## Aim of the task
With the pictures left out, write out exactly the lines of the listing below that run from the line with "Lampe à moustiques" through the line with "這件提梁倒灌壺是著名的耀州窯".

--- Material to process ---

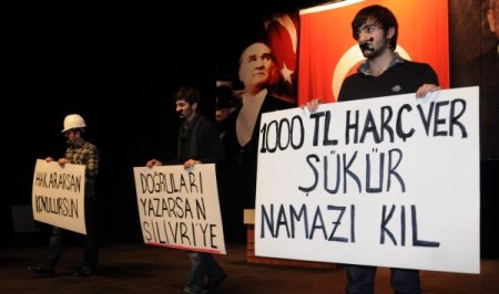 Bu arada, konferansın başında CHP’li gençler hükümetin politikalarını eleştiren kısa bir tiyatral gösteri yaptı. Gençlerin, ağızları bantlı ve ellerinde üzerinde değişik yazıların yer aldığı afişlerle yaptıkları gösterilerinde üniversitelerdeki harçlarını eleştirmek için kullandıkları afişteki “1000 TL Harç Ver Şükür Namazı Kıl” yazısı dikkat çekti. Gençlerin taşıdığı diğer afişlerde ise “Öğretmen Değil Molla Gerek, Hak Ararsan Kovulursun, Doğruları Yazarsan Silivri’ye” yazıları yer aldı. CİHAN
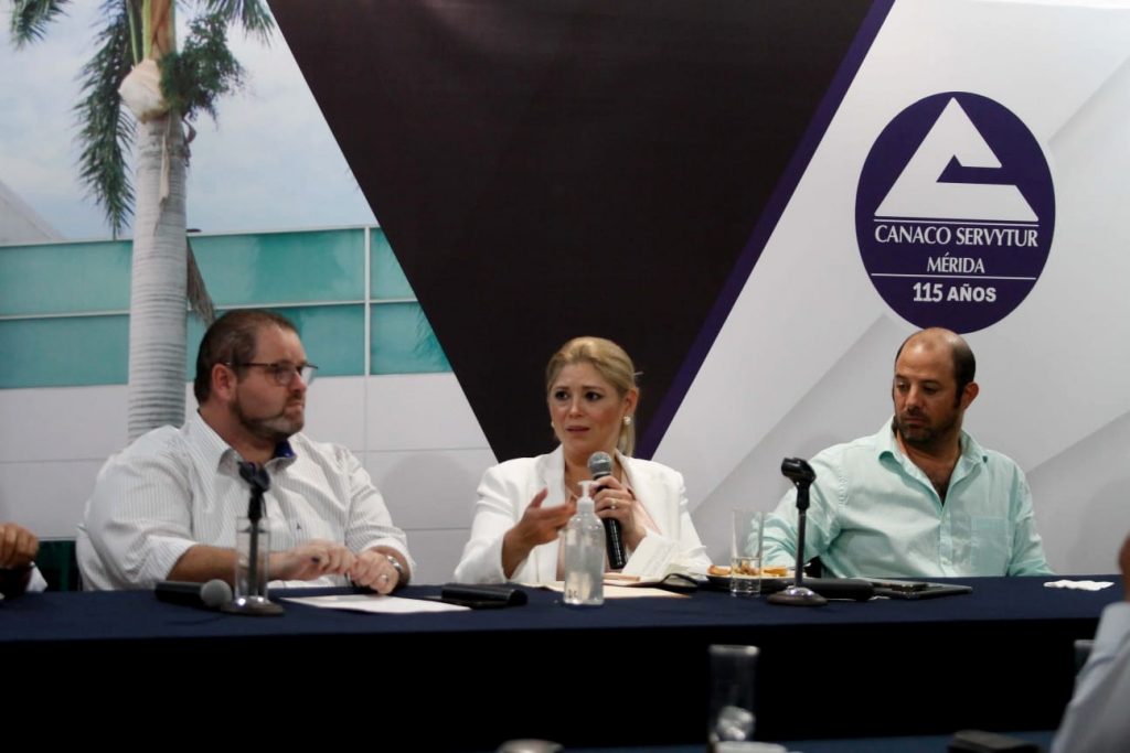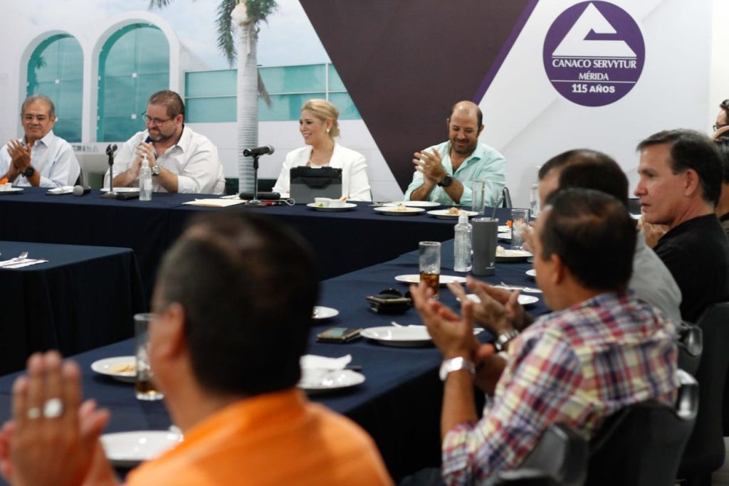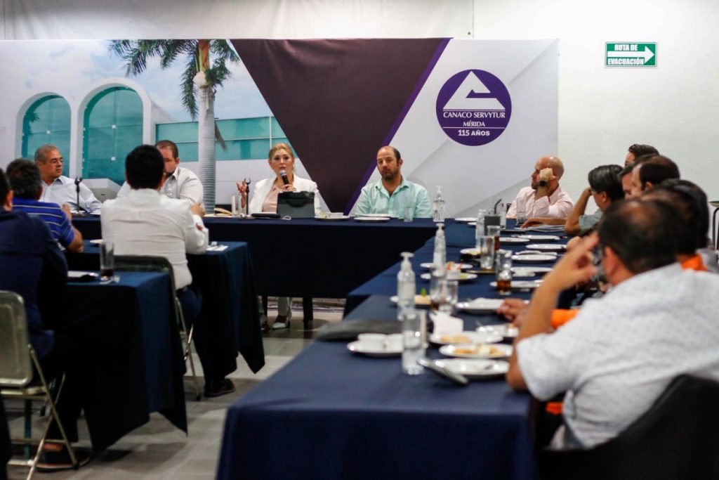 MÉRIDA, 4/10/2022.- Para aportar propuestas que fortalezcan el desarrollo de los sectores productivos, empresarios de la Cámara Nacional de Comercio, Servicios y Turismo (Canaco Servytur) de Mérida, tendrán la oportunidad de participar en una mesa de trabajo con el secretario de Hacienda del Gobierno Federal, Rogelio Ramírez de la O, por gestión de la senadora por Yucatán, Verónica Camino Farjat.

---
--- Material to process ---

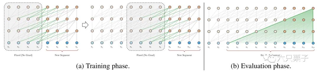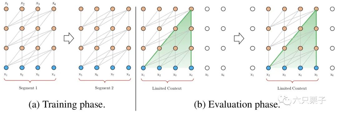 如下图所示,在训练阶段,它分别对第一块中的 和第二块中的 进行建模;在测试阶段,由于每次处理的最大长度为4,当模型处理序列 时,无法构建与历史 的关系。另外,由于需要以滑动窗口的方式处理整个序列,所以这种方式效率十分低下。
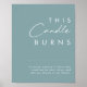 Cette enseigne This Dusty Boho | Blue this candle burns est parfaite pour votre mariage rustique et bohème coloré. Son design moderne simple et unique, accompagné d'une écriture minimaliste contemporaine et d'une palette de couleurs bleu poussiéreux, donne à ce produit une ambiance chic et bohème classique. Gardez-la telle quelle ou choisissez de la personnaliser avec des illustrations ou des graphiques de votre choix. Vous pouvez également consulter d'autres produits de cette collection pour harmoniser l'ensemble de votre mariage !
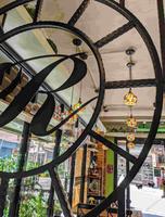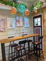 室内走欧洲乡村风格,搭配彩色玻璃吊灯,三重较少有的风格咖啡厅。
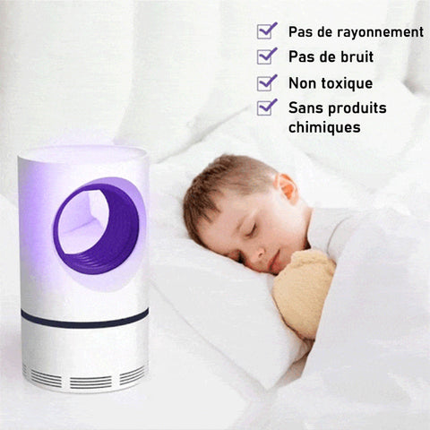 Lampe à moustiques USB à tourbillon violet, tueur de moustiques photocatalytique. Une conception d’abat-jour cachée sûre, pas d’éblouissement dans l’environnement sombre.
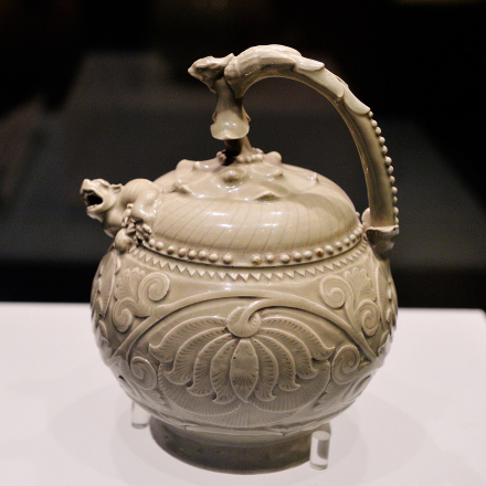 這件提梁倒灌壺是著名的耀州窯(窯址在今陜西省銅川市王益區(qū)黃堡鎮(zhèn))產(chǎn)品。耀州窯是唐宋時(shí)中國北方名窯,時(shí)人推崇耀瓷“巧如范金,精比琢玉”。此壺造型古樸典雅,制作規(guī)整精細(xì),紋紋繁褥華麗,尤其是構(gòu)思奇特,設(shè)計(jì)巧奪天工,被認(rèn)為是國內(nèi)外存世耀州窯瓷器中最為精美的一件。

---

## Result of the task
 Lampe à moustiques USB à tourbillon violet, tueur de moustiques photocatalytique. Une conception d’abat-jour cachée sûre, pas d’éblouissement dans l’environnement sombre.
 這件提梁倒灌壺是著名的耀州窯(窯址在今陜西省銅川市王益區(qū)黃堡鎮(zhèn))產(chǎn)品。耀州窯是唐宋時(shí)中國北方名窯,時(shí)人推崇耀瓷“巧如范金,精比琢玉”。此壺造型古樸典雅,制作規(guī)整精細(xì),紋紋繁褥華麗,尤其是構(gòu)思奇特,設(shè)計(jì)巧奪天工,被認(rèn)為是國內(nèi)外存世耀州窯瓷器中最為精美的一件。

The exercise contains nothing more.